A client has a history of chronic obstructive pulmonary disease (COPD). As the nurse enters the client's room, his oxygen is running at 6 liters per minute, his color is flushed and his respirations are 8 per minute. What should the nurse do first?
- A. Obtain a 12-lead EKG
- B. Place client in high Fowler's position
- C. Lower the oxygen rate
- D. Take baseline vital signs
Correct Answer: C
Rationale: Lower the oxygen rate. A low oxygen level acts as a stimulus for respiration. A high concentration of supplemental oxygen removes the hypoxic drive to breathe, leading to increased hypoventilation, respiratory decompensation, and the development or worsening of respiratory acidosis. Unless corrected, it can lead to the client's death.
The nurse is caring for a client with clinical depression who is receiving a monoamine oxidase inhibitor (MAOI). When providing instructions about precautions with this medication, which action should the nurse stress to the client as important?
- A. Avoid chocolate and cheese
- B. Take frequent naps
- C. Take the medication with milk
- D. Avoid walking without assistance
Correct Answer: A
Rationale: Avoid chocolate and cheese. Foods high in tryptophan, tyramine, and caffeine, such as chocolate, wine, and cheese may precipitate hypertensive crisis.
During a health promotion seminar, the nurse plans to discuss ways to prevent food poisoning. What information should the nurse plan to address?
- A. Keep all meat together during the preparation, cooking, and serving processes.
- B. Drink natural unpasteurized milk because it contains less harmful chemicals.
- C. Wash fruits and vegetables thoroughly, especially those that will be eaten raw.

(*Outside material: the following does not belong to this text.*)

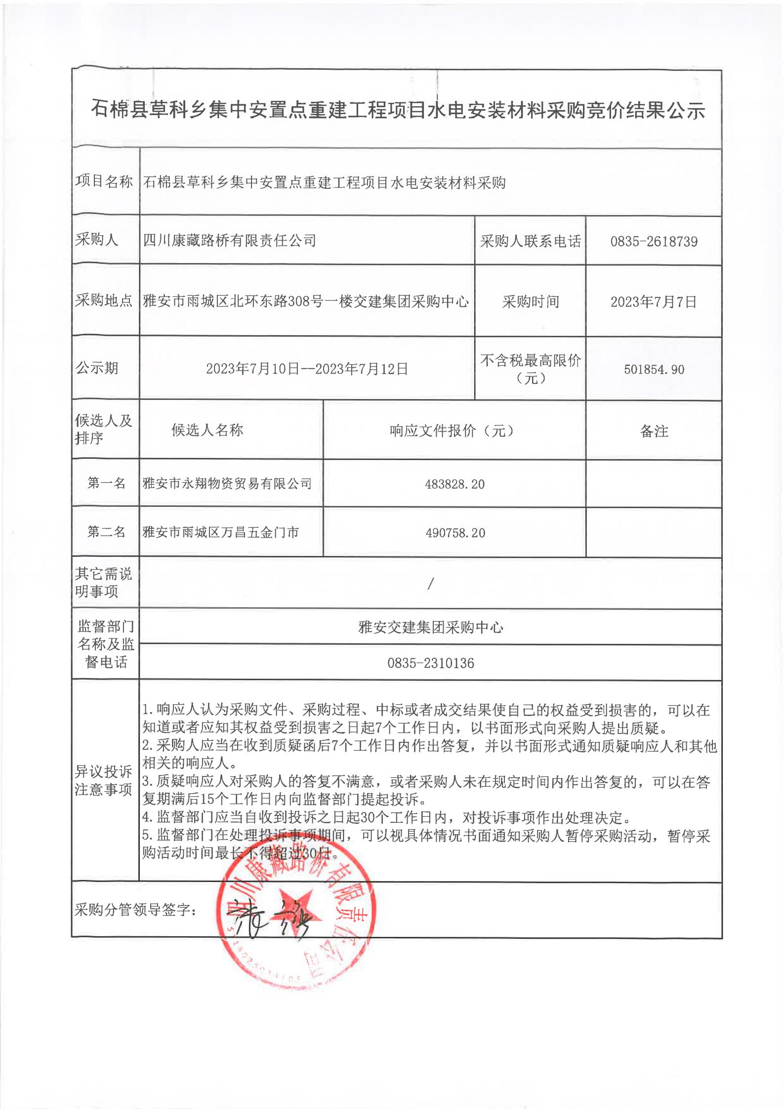 四川康藏路橋有限責(zé)任公司石棉草科鄉(xiāng)集中安置點(diǎn)重建工程項(xiàng)目水電安裝材料采購競價結(jié)果公示

- D. Ensure that ground beef patties are cooked to a temperature of 125°F (51.7°C).
Correct Answer: C
Rationale: C: Thorough washing of raw produce removes bacteria, preventing food poisoning. A: Meats should be separated to avoid cross-contamination. B: Unpasteurized milk carries infection risks. D: Ground beef must reach 160°F to kill pathogens.
The client with an infected leg wound receives treatment and a prescription for antibiotics during a clinic visit. Which information should the nurse emphasize when completing discharge teaching?

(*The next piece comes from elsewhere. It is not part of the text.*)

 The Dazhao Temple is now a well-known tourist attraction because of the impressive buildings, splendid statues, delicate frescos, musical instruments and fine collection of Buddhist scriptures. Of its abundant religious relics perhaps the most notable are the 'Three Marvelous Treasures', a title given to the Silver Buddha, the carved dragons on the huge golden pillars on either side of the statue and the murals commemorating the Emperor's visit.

- A. Return to the clinic in one week for a repeat tetanus injection.
- B. Avoid disturbing the dressing until next week's visit with the provider.
- C. If you have chills and your temperature is over 101°F (38.3°C), call the HCP.
- D. Do not take cold medicines for 24 hours after starting the antibiotic.
Correct Answer: C
Rationale: C: Chills and fever over 101°F indicate possible antibiotic failure, requiring prompt reporting. A: Tetanus shots are not repeated weekly. B: Dressings need frequent changes for infected wounds. D: Cold medicines are generally safe unless contraindicated.